- _BRIEF_: Would you print every entry below exactly as written, omitting the images?

(Saved data entries)

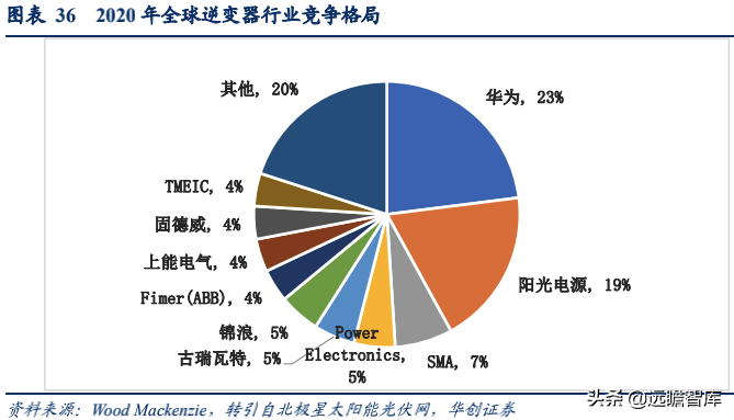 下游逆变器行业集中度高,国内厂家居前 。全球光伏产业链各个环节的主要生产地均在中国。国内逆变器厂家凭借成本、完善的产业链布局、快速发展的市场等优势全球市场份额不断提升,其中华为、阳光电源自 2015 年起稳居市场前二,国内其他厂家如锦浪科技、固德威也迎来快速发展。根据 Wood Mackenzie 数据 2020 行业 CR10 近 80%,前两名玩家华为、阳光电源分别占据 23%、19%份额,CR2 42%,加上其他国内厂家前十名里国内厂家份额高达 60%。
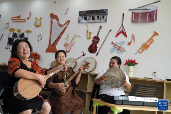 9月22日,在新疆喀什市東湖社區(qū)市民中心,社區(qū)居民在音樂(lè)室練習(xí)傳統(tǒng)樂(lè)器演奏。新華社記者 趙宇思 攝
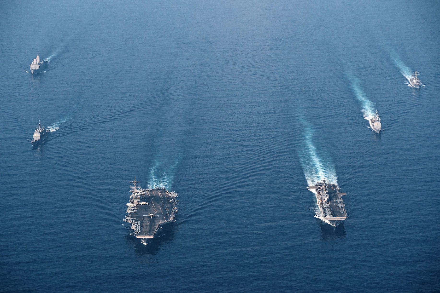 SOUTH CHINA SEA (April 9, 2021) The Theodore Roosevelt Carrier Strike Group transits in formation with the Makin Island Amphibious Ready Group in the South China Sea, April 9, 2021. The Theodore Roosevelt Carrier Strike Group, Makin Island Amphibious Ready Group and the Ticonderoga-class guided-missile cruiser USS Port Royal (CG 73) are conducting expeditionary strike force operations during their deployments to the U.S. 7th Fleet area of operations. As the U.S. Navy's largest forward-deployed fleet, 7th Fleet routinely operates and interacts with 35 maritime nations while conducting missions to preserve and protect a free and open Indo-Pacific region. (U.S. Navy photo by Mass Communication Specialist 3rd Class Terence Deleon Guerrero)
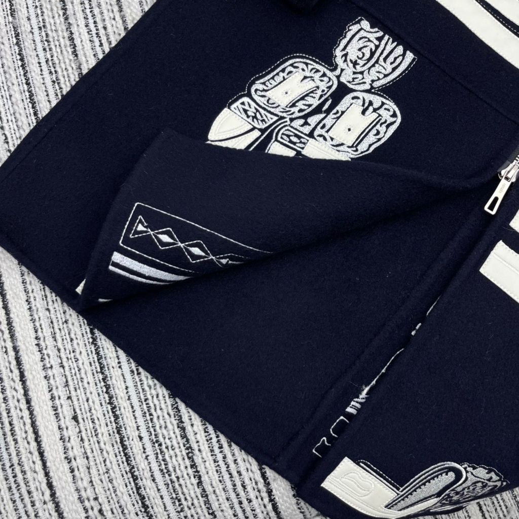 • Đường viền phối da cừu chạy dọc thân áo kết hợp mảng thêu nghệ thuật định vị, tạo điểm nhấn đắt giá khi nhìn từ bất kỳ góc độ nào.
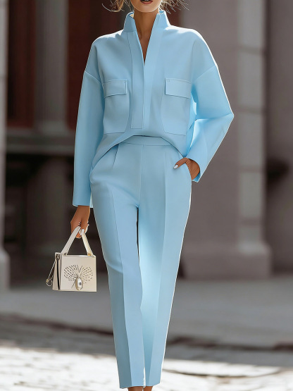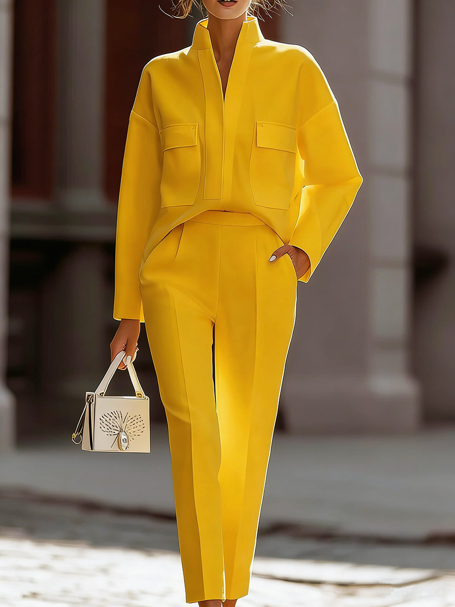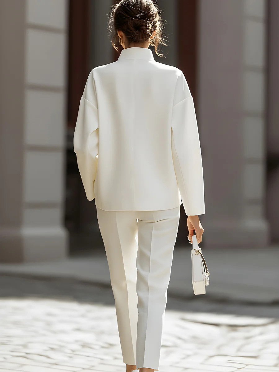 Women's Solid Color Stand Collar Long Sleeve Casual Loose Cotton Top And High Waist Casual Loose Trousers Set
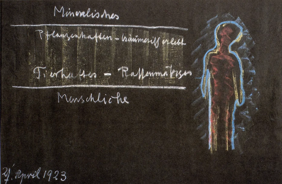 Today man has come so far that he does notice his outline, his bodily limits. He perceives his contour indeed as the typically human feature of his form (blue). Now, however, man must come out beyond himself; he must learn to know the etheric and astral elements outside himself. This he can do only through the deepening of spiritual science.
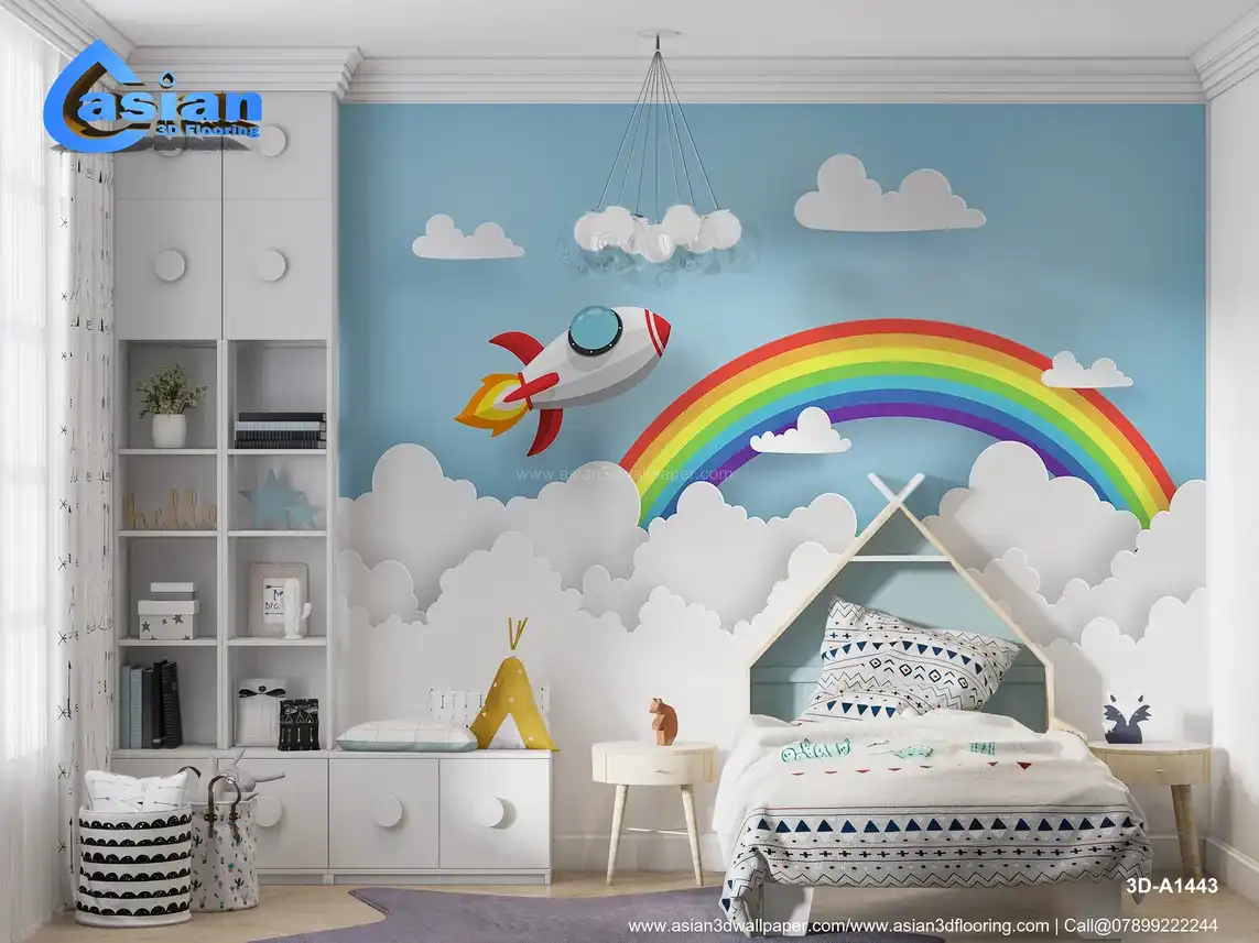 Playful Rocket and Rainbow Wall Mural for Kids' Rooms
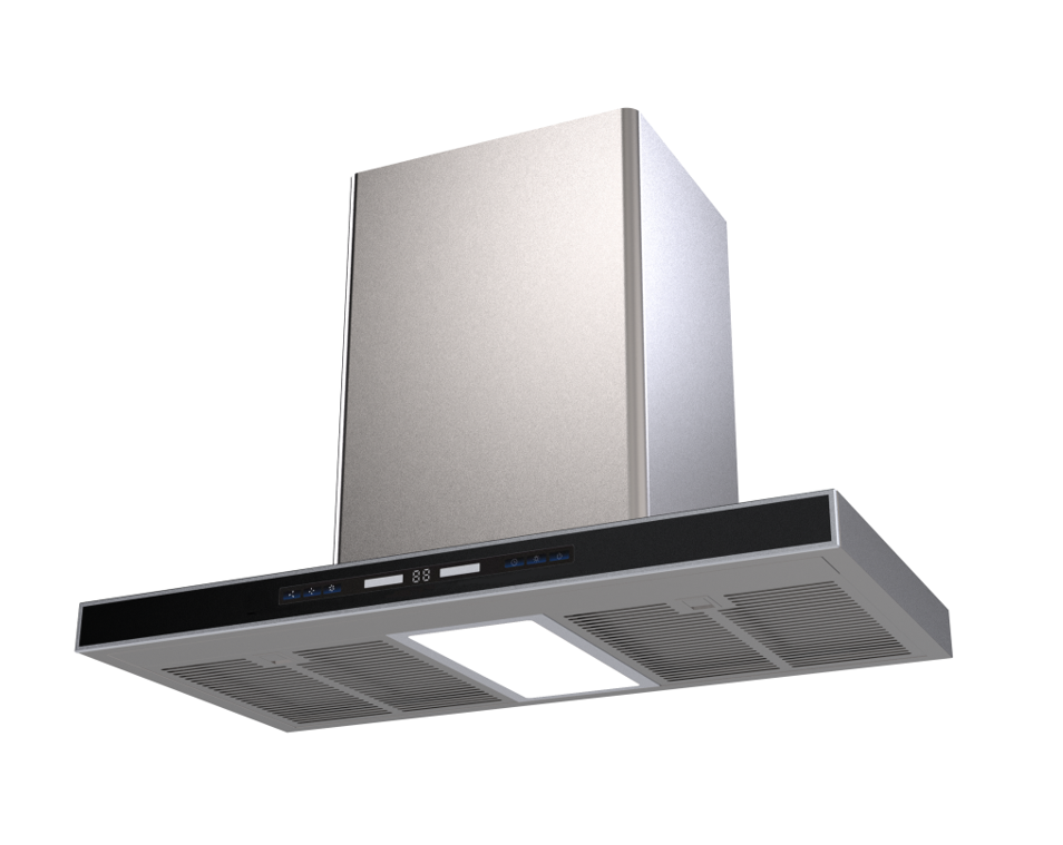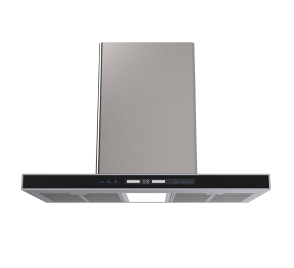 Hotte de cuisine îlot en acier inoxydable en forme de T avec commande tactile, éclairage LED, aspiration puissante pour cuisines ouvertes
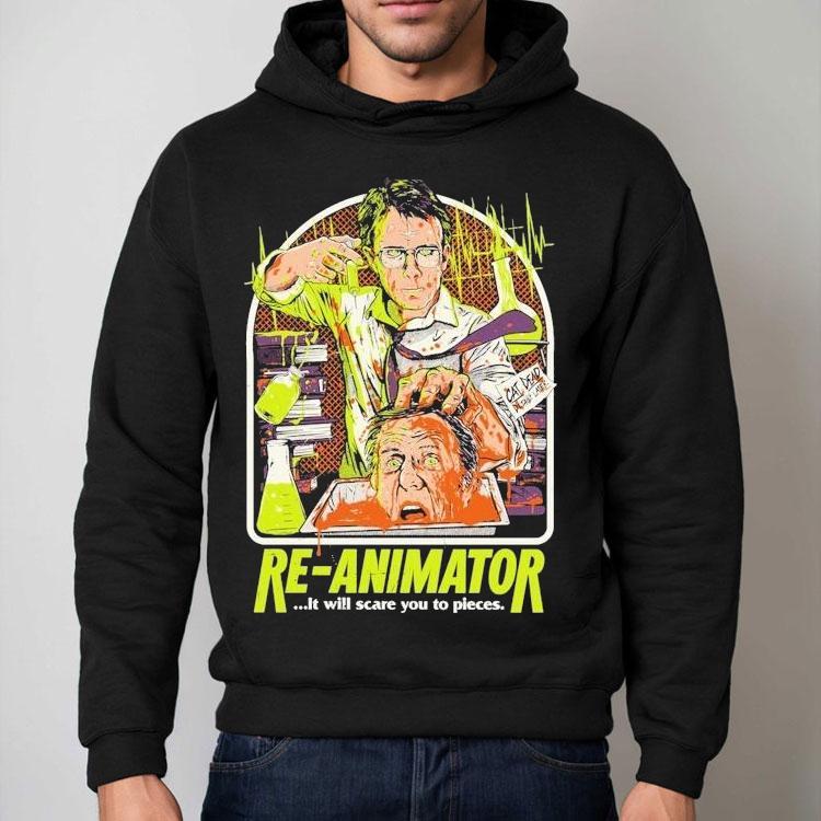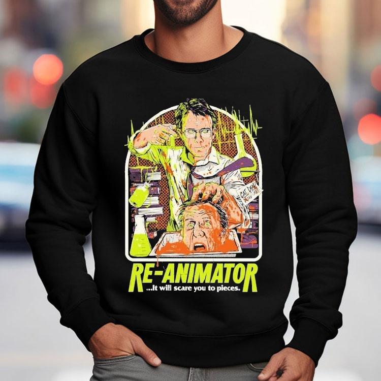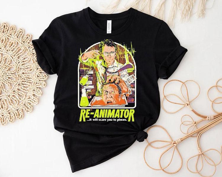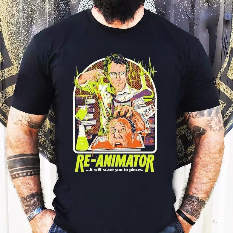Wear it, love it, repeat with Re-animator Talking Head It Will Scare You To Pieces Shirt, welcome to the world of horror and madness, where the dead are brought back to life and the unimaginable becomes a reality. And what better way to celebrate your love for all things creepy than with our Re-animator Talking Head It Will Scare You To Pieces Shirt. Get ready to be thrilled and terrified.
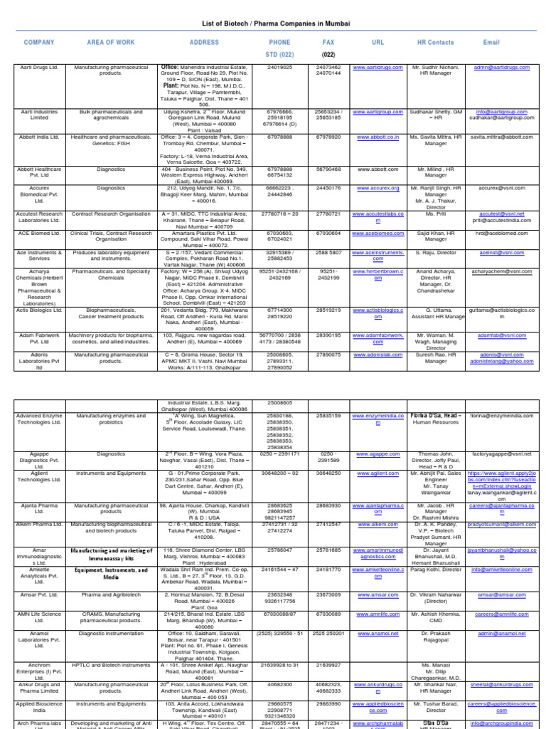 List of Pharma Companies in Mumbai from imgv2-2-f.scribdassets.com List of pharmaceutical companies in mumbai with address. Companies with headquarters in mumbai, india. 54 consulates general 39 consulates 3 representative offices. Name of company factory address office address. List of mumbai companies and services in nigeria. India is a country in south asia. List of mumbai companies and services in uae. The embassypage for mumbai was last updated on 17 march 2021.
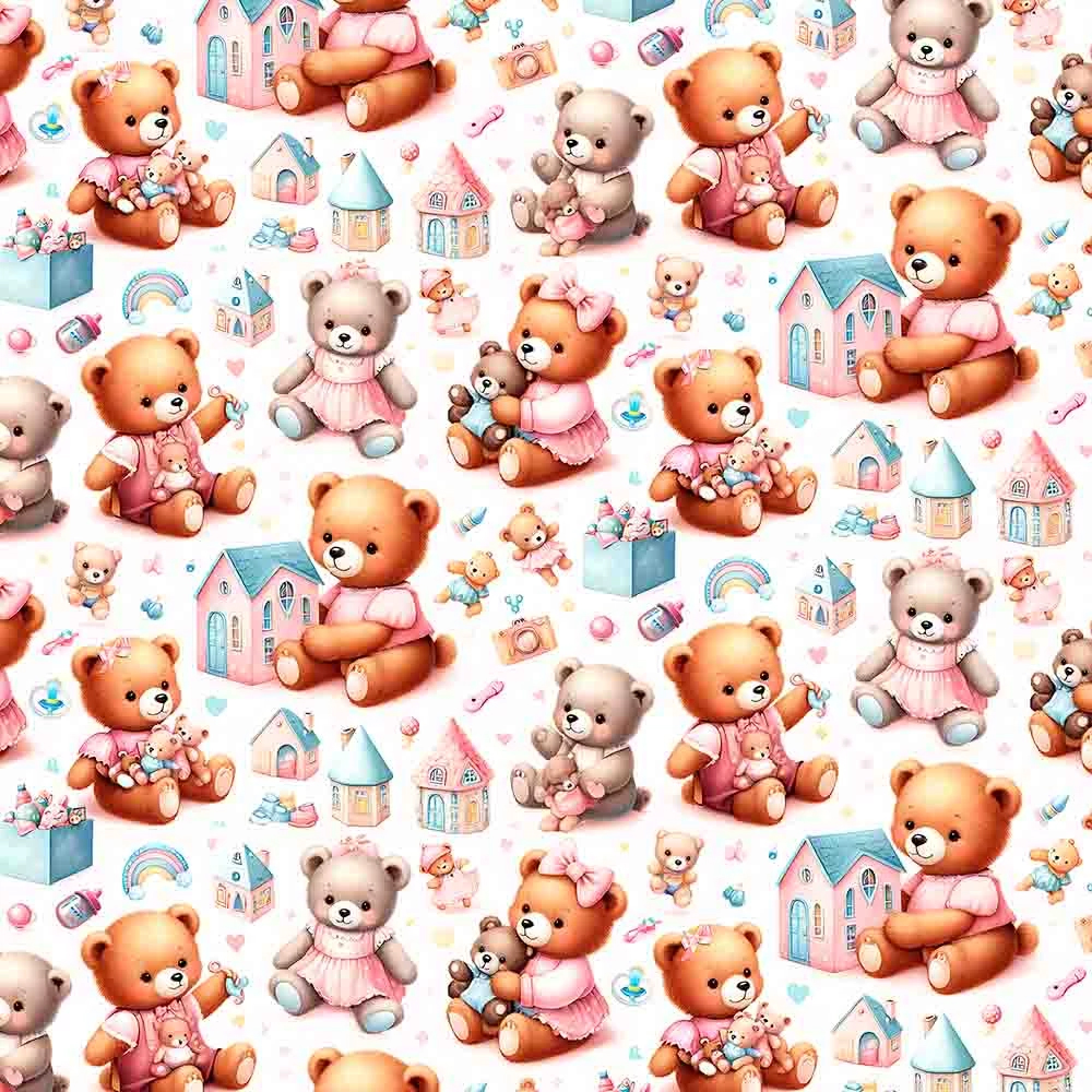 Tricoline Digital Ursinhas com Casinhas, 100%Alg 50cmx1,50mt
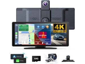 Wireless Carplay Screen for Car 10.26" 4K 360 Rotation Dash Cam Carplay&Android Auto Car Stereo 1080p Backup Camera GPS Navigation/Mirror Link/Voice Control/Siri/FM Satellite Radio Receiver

- _SOLVED EXERCISE_:
 下游逆变器行业集中度高,国内厂家居前 。全球光伏产业链各个环节的主要生产地均在中国。国内逆变器厂家凭借成本、完善的产业链布局、快速发展的市场等优势全球市场份额不断提升,其中华为、阳光电源自 2015 年起稳居市场前二,国内其他厂家如锦浪科技、固德威也迎来快速发展。根据 Wood Mackenzie 数据 2020 行业 CR10 近 80%,前两名玩家华为、阳光电源分别占据 23%、19%份额,CR2 42%,加上其他国内厂家前十名里国内厂家份额高达 60%。
 9月22日,在新疆喀什市東湖社區(qū)市民中心,社區(qū)居民在音樂(lè)室練習(xí)傳統(tǒng)樂(lè)器演奏。新華社記者 趙宇思 攝
 SOUTH CHINA SEA (April 9, 2021) The Theodore Roosevelt Carrier Strike Group transits in formation with the Makin Island Amphibious Ready Group in the South China Sea, April 9, 2021. The Theodore Roosevelt Carrier Strike Group, Makin Island Amphibious Ready Group and the Ticonderoga-class guided-missile cruiser USS Port Royal (CG 73) are conducting expeditionary strike force operations during their deployments to the U.S. 7th Fleet area of operations. As the U.S. Navy's largest forward-deployed fleet, 7th Fleet routinely operates and interacts with 35 maritime nations while conducting missions to preserve and protect a free and open Indo-Pacific region. (U.S. Navy photo by Mass Communication Specialist 3rd Class Terence Deleon Guerrero)
 • Đường viền phối da cừu chạy dọc thân áo kết hợp mảng thêu nghệ thuật định vị, tạo điểm nhấn đắt giá khi nhìn từ bất kỳ góc độ nào.
 Women's Solid Color Stand Collar Long Sleeve Casual Loose Cotton Top And High Waist Casual Loose Trousers Set
 Today man has come so far that he does notice his outline, his bodily limits. He perceives his contour indeed as the typically human feature of his form (blue). Now, however, man must come out beyond himself; he must learn to know the etheric and astral elements outside himself. This he can do only through the deepening of spiritual science.
 Playful Rocket and Rainbow Wall Mural for Kids' Rooms
 Hotte de cuisine îlot en acier inoxydable en forme de T avec commande tactile, éclairage LED, aspiration puissante pour cuisines ouvertes
Wear it, love it, repeat with Re-animator Talking Head It Will Scare You To Pieces Shirt, welcome to the world of horror and madness, where the dead are brought back to life and the unimaginable becomes a reality. And what better way to celebrate your love for all things creepy than with our Re-animator Talking Head It Will Scare You To Pieces Shirt. Get ready to be thrilled and terrified.
 List of Pharma Companies in Mumbai from imgv2-2-f.scribdassets.com List of pharmaceutical companies in mumbai with address. Companies with headquarters in mumbai, india. 54 consulates general 39 consulates 3 representative offices. Name of company factory address office address. List of mumbai companies and services in nigeria. India is a country in south asia. List of mumbai companies and services in uae. The embassypage for mumbai was last updated on 17 march 2021.
 Tricoline Digital Ursinhas com Casinhas, 100%Alg 50cmx1,50mt
 Wireless Carplay Screen for Car 10.26" 4K 360 Rotation Dash Cam Carplay&Android Auto Car Stereo 1080p Backup Camera GPS Navigation/Mirror Link/Voice Control/Siri/FM Satellite Radio Receiver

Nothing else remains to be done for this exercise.